* TASK PROMPT
Word for word, quote the lines from the one containing "Eenzame bomen in" to the end of the entries below, including both. Leave pictures out.

* Source records

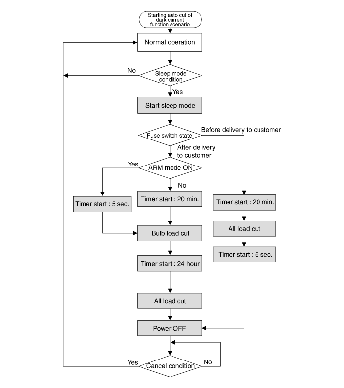 "Sleep" condition : IG OFF, constant input switch, CAN network doesn't activate.
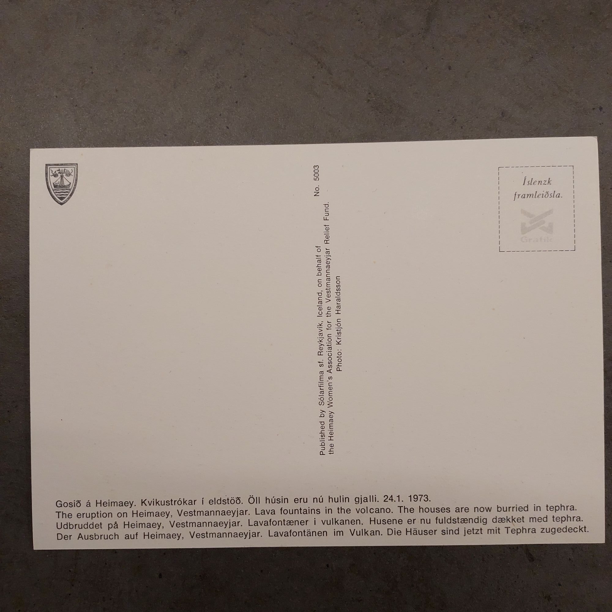 The back is multilingual (Icelandic, English, German) with the caption: “Gosið á Heimaey. Kvikustrókar í eldstöð. Öll húsin eru nú hulin gjalli. 24.1.1973.” (The eruption on Heimaey. Lava fountains in the volcano. The houses are now buried in tephra. January 24, 1973.) It notes publication by Sólarfilma sf. Reykjavík on behalf of the Heimaey Women’s Association Relief Fund, with photo credit to Kristján Haraldsson. Produced by Íslenzk framleiðsla / Grafík, numbered No. 5003.
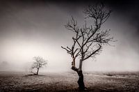 Eenzame bomen in de Loonse en Drunense Duinen tijdens de winter
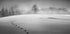 Winter scenery af Larry Deng APA fanger vinterens poetiske stilhed i sort/hvid. Et åbent, snedækket landskab brydes af fine fodspor, der fører mod en linje af rimklædte træer. Minimalistiske former og bløde kontraster skaber ro, dybde og eftertanke – en visuel pause midt i kuldens klare lys. Nordisk minimalisme forstærker motivets ro.
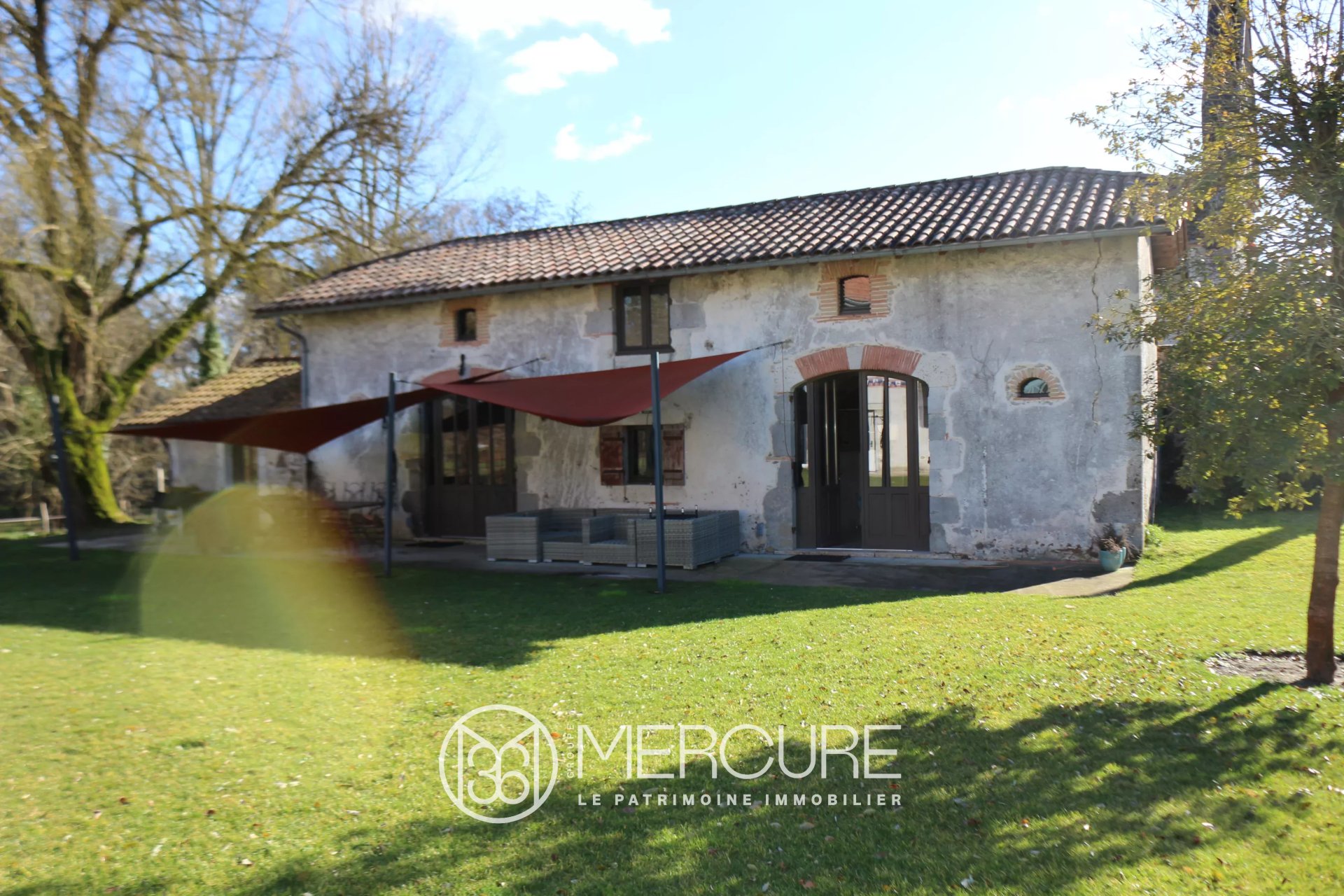 Opportunité! Proche Casteljaloux, ville thermale, dans village, très belle ancienne maison landaise avec maison d’amis et dépendance sur jardin arboré de 2 925 m². Proche toutes commodités, à 1h35 des plages des Landes et 1h15 de Bordeaux.
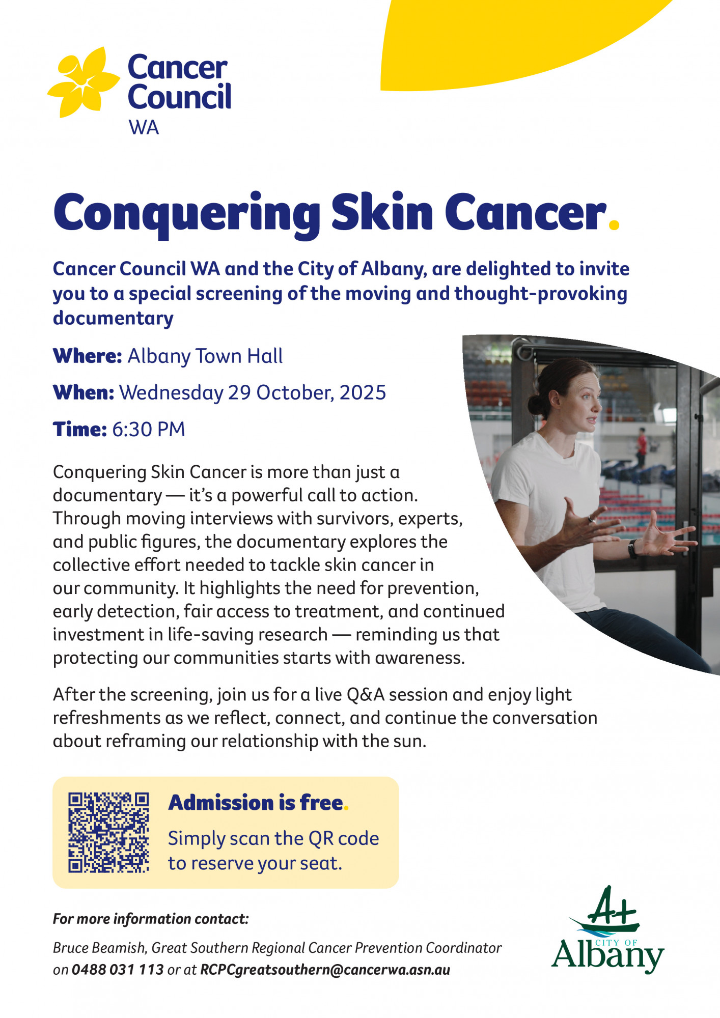 Cancer Council WA invites you to a special screening of a new feature-length documentary, Conquering Skin Cancer, which aims to spotlight the importance of skin cancer prevention, early diagnosis, in addition to the incredible advances in skin cancer treatment.
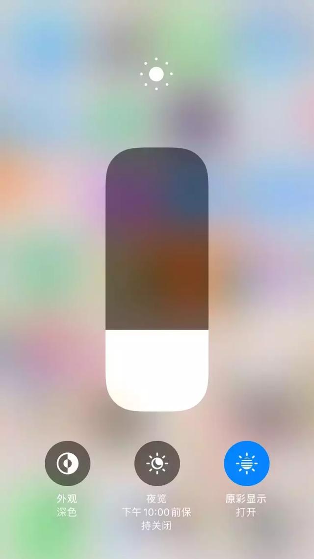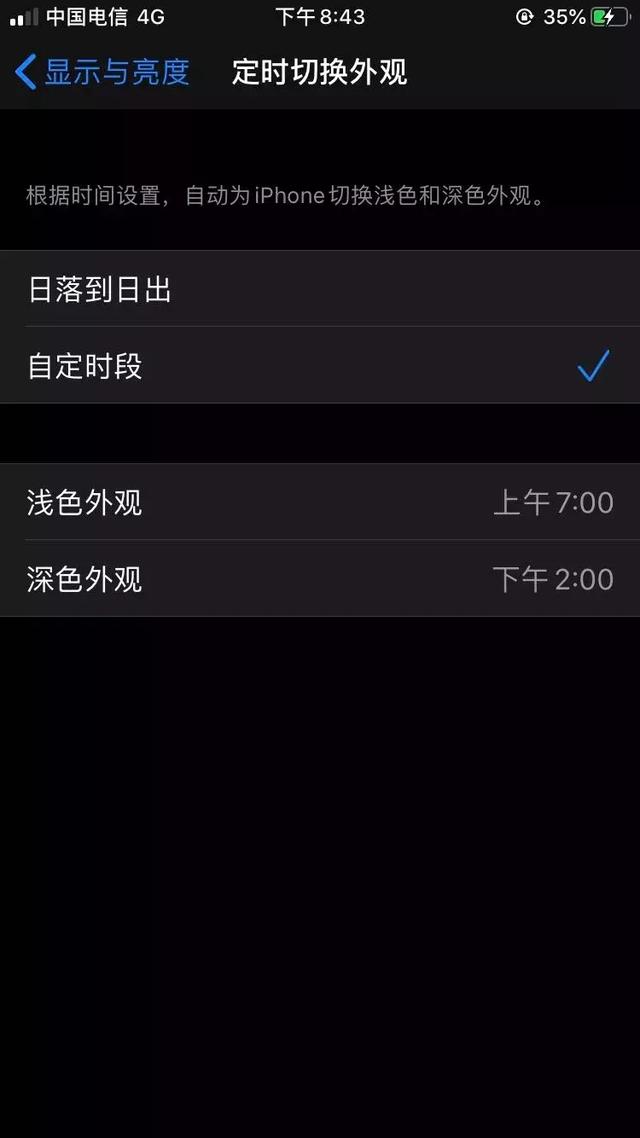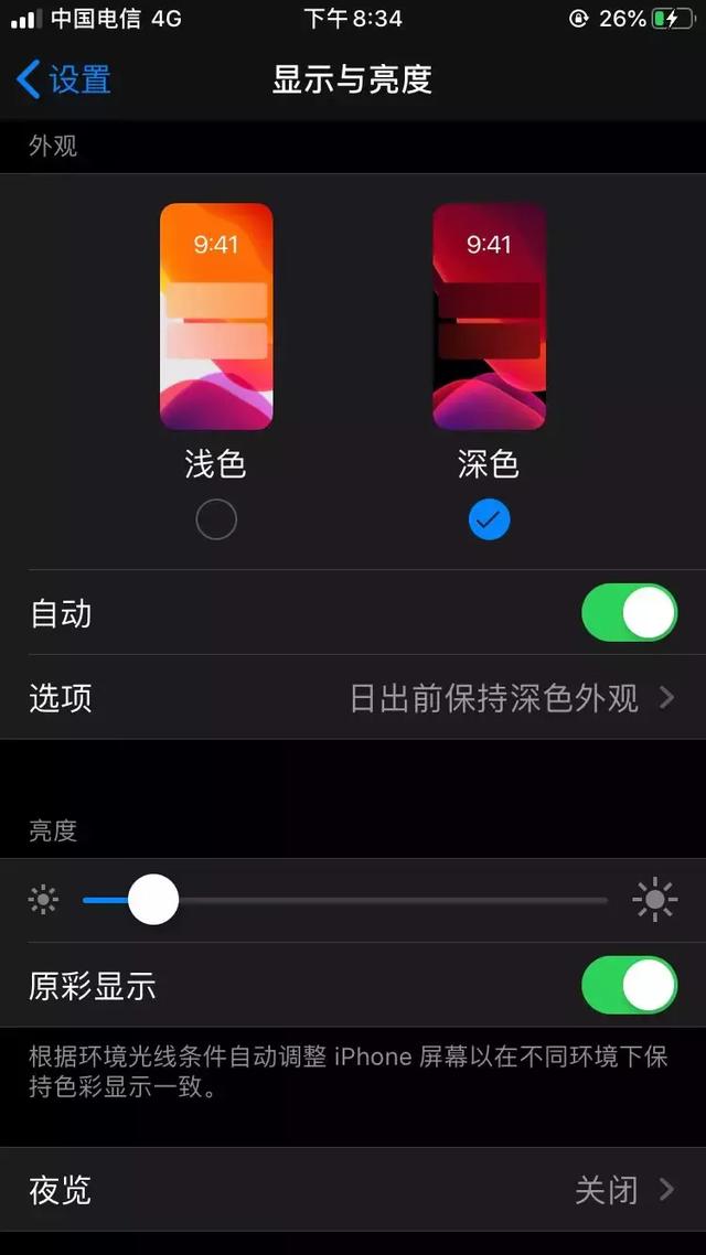 除了可以在显示与亮度中开启深色模式,也可以长按控制中心中的亮度条快速切换,还能根据当地日落到日出时间或者自定时间段,让它自动切换。
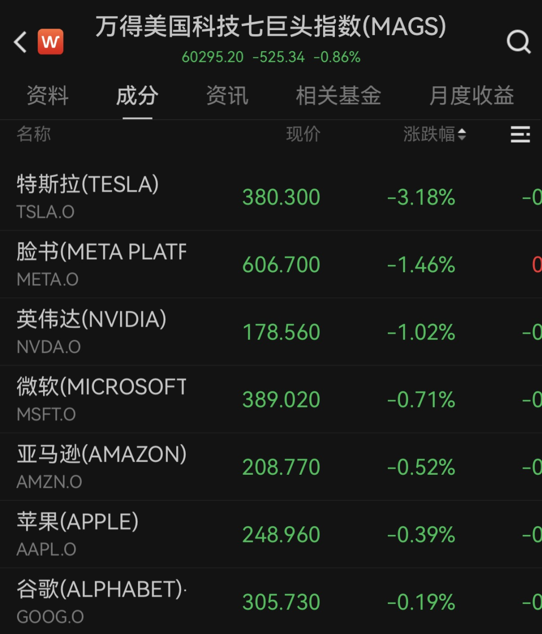 大型科技股集体下跌,万得美国科技七巨头指数下跌0.86%。个股方面,特斯拉跌超3%,META、英伟达跌逾1%,微软跌0.71%,亚马逊跌0.52%,苹果跌0.39%,谷歌-C跌0.19%。
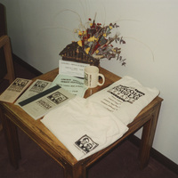 A table of Lincoln-Douglas Debates merchandise laid out. This photograph was taken as part of filming C-SPAN's Lincoln-Douglas Debates series in Alton, Illinois.

* WRITTEN SOLUTION
 Eenzame bomen in de Loonse en Drunense Duinen tijdens de winter
 Winter scenery af Larry Deng APA fanger vinterens poetiske stilhed i sort/hvid. Et åbent, snedækket landskab brydes af fine fodspor, der fører mod en linje af rimklædte træer. Minimalistiske former og bløde kontraster skaber ro, dybde og eftertanke – en visuel pause midt i kuldens klare lys. Nordisk minimalisme forstærker motivets ro.
 Opportunité! Proche Casteljaloux, ville thermale, dans village, très belle ancienne maison landaise avec maison d’amis et dépendance sur jardin arboré de 2 925 m². Proche toutes commodités, à 1h35 des plages des Landes et 1h15 de Bordeaux.
 Cancer Council WA invites you to a special screening of a new feature-length documentary, Conquering Skin Cancer, which aims to spotlight the importance of skin cancer prevention, early diagnosis, in addition to the incredible advances in skin cancer treatment.
 除了可以在显示与亮度中开启深色模式,也可以长按控制中心中的亮度条快速切换,还能根据当地日落到日出时间或者自定时间段,让它自动切换。
 大型科技股集体下跌,万得美国科技七巨头指数下跌0.86%。个股方面,特斯拉跌超3%,META、英伟达跌逾1%,微软跌0.71%,亚马逊跌0.52%,苹果跌0.39%,谷歌-C跌0.19%。
 A table of Lincoln-Douglas Debates merchandise laid out. This photograph was taken as part of filming C-SPAN's Lincoln-Douglas Debates series in Alton, Illinois.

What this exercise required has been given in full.